Tribune, 7 February 1992
Paul Anderson quizzes
Labour's environment spokesman, Bryan Gould, about the election campaign and
Labour's plans for local government
Bryan Gould is a busy man. On top of a massive brief as
Labour's front-bench environment spokesman, which covers everything from
standard spending assessments to global warming, he is due to play a major
role in Labour's election campaign, just as he did in 1987.
When Neil Kinnock is out of London, John Cunningham, the
party's campaigns co-ordinator, will take the chair for Labour's morning campaign
press conferences. And when Cunningham is away - as he often will be, not least
because his own constituency, Copeland, is anything but safe - Gould will be
master of ceremonies.
He also has particular responsibility for the campaign in
London, where Labour could win or lose the election and where the reputation of
Labour councils is likely to be a major factor. At present, though, there is no
doubt what is most on his mind: making sure that Labour wins the campaign
battle on local government taxation.
"The poll tax is certain to be a dominant election
issue whether the election is on April 9 or May 7," he says. "I think
it has got to be one of those two dates now. If it's April 9, the election will
take place when the bills have just arrived. If it's May 7, the campaign will
start the week the bills go out.
"The question is whether we can repeat our success so
far in equating poll tax with the Tory Government. Michael Heseltine will be
doing all he can to blame Labour local authorities for high poll tax bills. On
everyone's bill there will be a figure for 'other adjustments', which is really
a euphemism for non-collection costs, and he will say: 'That's what's pushed up
your bill.'
"So we're working very hard right now and through to
the election to explain that these are problems intrinsic to the poll tax. They
are not the fault of any local authority, Labour or otherwise. Even the Prime
Minister described the poll tax as ‘virtually uncollectable'. We're going to
dump it on the Tories' doorstep and say: 'That's where responsibility
lies'."
In line with this, Labour has done its best in the past
fortnight to emphasise the extent of the chaos created by the poll tax. Last
week, David Blunkett, the party's local government spokesman, released figures
showing that more than 10,500,000 summonses for poll tax debt had been issued.
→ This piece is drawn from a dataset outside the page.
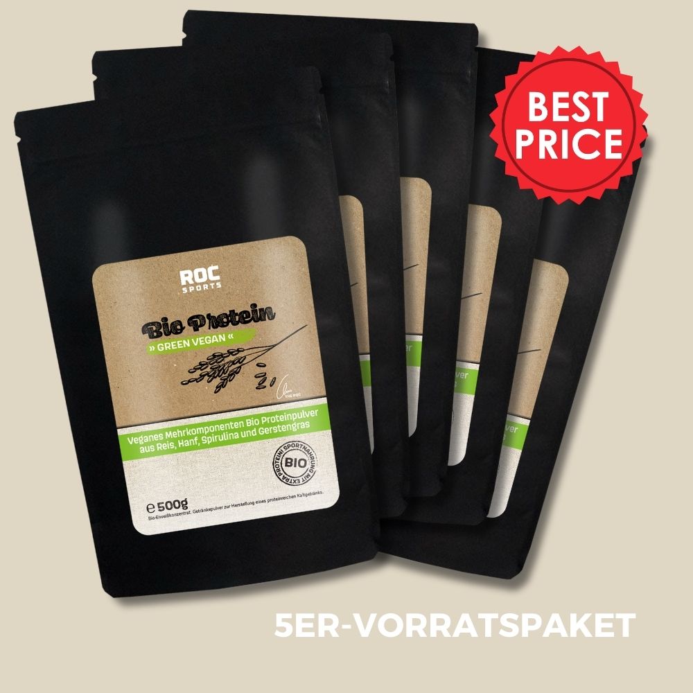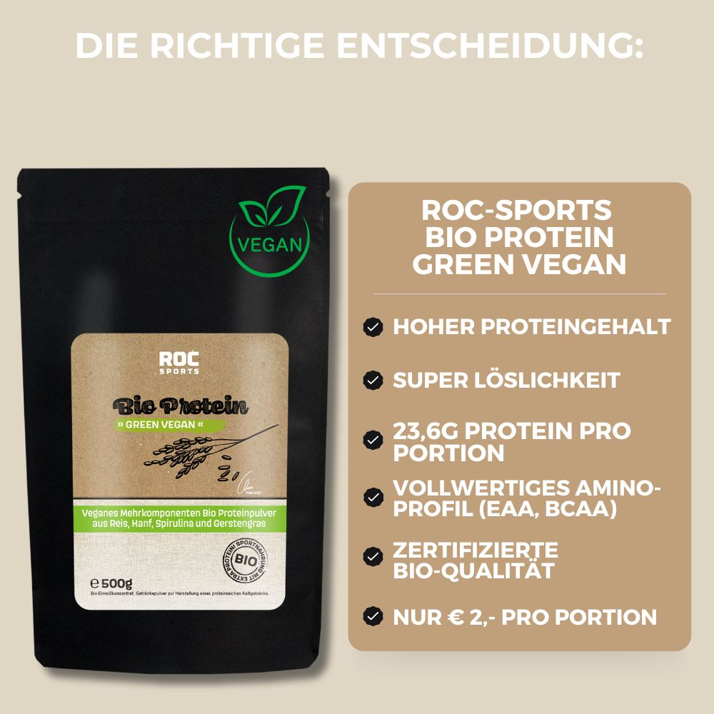 Die Basis sollte immer eine bedarfsgerechte Ernährung sein. Wenn diese passt, dann kannst Du Deinen Proteinbedarf natürlich noch mit dem veganen ROC-Sports Bio Proteinpulver aufbessern.

Both he and Gould have repeatedly blamed government incompetence for the recent
breakdown in poll-tax non-payment prosecutions caused by the refusal of several
magistrates' courts to refuse to accept computerised records as valid evidence.
So far, the Labour poll tax assault seems to be working,
although it is a moot point what happens if the Tories are panicked into using
the budget on March 10 to reduce bills, as they did last year.
There is certainly less mileage for Labour in the council
tax, the Government's replacement for the poll tax from spring 1993. A banded
property tax, it is not so radically different from Labour's own proposed
"fair rates" system. Indeed, there has been much speculation that a
Labour government might find it useful to adapt the council tax to its own
purposes.
Gould says that Labour has considered this option but has
now rejected it. "One thing we've always been clear about is that we are
detennined to get rid of the poll tax as early as possible - which now means, unfortunately, April 1
1993. When we get to office we will pursue whatever course takes us most
directly to a position on that date when poll tax ends and the fair rates
system begins. Now, we did concede last year, because it made sense and it was
reassuring to local government, that, if it had emerged that the council tax
preparations offered the quickest way; to get rid of the poll tax and pick up
on our fair: rates proposals, we would not be dog in the manger on political or
ideological grounds and; say: 'No, it's a Tory idea and we’ll have nothing to
do with it.'
"But that was only ever a possibility if preparations
for the council tax were acceptable to us, if the valuation was a proper
valuation and not a Mickey Mouse operation. In the event, the council tax
preparations are a lot of rubbish and virtually unusable by us. In almost any
conceivable circumstances we will be legislating to pick up the 1973 rates
valuations which were in operation until 1990, not because it's ideal but
because it's the quickest way."
In anticipation of Tory attacks on the profligacy of Labour
councils, the Labour leadership has pulled out all the stops to dissuade Labour
local authorities from going on a spending spree in the expectation of a Labour
government, as many did in the run-up to 1987. The implicit message is that
Labour will not bail out anyone who gets into trouble under the existing Tory
rules.
"A lot of people got their fingers burnt last
time," says Gould. "Our message now is that councils should frame
budgets and take other decisions on the basis of known facts and not future
hopes and expectations. One can't stop people from hoping, but no prudent and
sensible authority will budget other than on the assumption that the current
regime will apply during the next financial year. We're not saying that with a
Labour government there would not be some relaxation of rules on spending, but
that's a separate issue."
The main areas for relaxation are the ending of the
"ring-fencing'' of receipts from council house sales, which earmarks them
for repayment of borrowing, and the abolition of central government
"capping" of local government taxation (although not until 1993).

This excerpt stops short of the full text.